**What to work on**
Retype the listing below line for line, but only from the line with "Многоярусный стеллаж Azzal" down to the line with "工人张景富被送医时已经没有气息。图片来源:台湾苹果日报", inclusive. Pictures stay out.

**Extracted material**
......

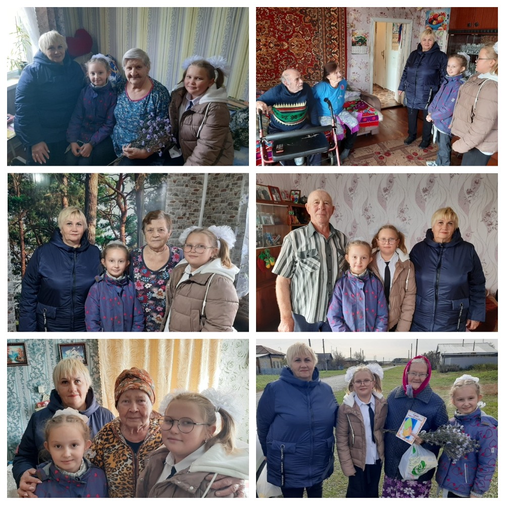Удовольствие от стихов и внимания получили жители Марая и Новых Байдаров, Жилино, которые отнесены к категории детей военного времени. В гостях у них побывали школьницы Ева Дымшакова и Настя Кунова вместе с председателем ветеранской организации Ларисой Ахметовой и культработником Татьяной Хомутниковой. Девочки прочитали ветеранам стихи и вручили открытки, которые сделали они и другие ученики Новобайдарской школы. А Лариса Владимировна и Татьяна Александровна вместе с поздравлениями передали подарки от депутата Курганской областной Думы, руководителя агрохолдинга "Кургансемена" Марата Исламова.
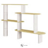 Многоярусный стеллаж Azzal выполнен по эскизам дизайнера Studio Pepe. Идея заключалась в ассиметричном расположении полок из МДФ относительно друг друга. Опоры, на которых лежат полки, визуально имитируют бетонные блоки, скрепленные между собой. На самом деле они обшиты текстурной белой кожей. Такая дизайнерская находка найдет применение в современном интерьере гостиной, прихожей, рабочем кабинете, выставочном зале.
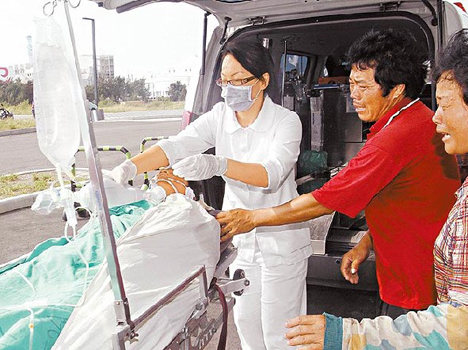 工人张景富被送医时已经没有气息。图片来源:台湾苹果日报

......

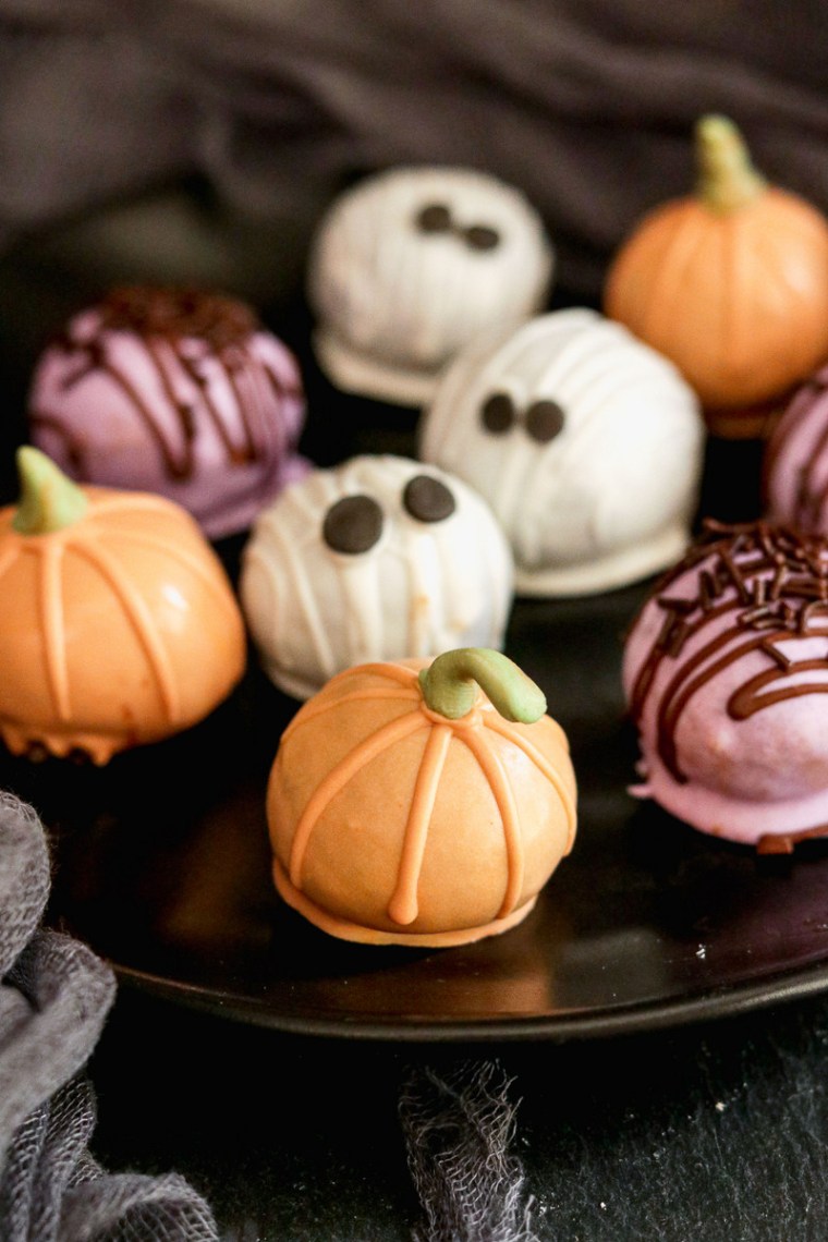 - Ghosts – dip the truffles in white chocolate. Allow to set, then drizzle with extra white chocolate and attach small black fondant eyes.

......

**Finished exercise**
 Многоярусный стеллаж Azzal выполнен по эскизам дизайнера Studio Pepe. Идея заключалась в ассиметричном расположении полок из МДФ относительно друг друга. Опоры, на которых лежат полки, визуально имитируют бетонные блоки, скрепленные между собой. На самом деле они обшиты текстурной белой кожей. Такая дизайнерская находка найдет применение в современном интерьере гостиной, прихожей, рабочем кабинете, выставочном зале.
 工人张景富被送医时已经没有气息。图片来源:台湾苹果日报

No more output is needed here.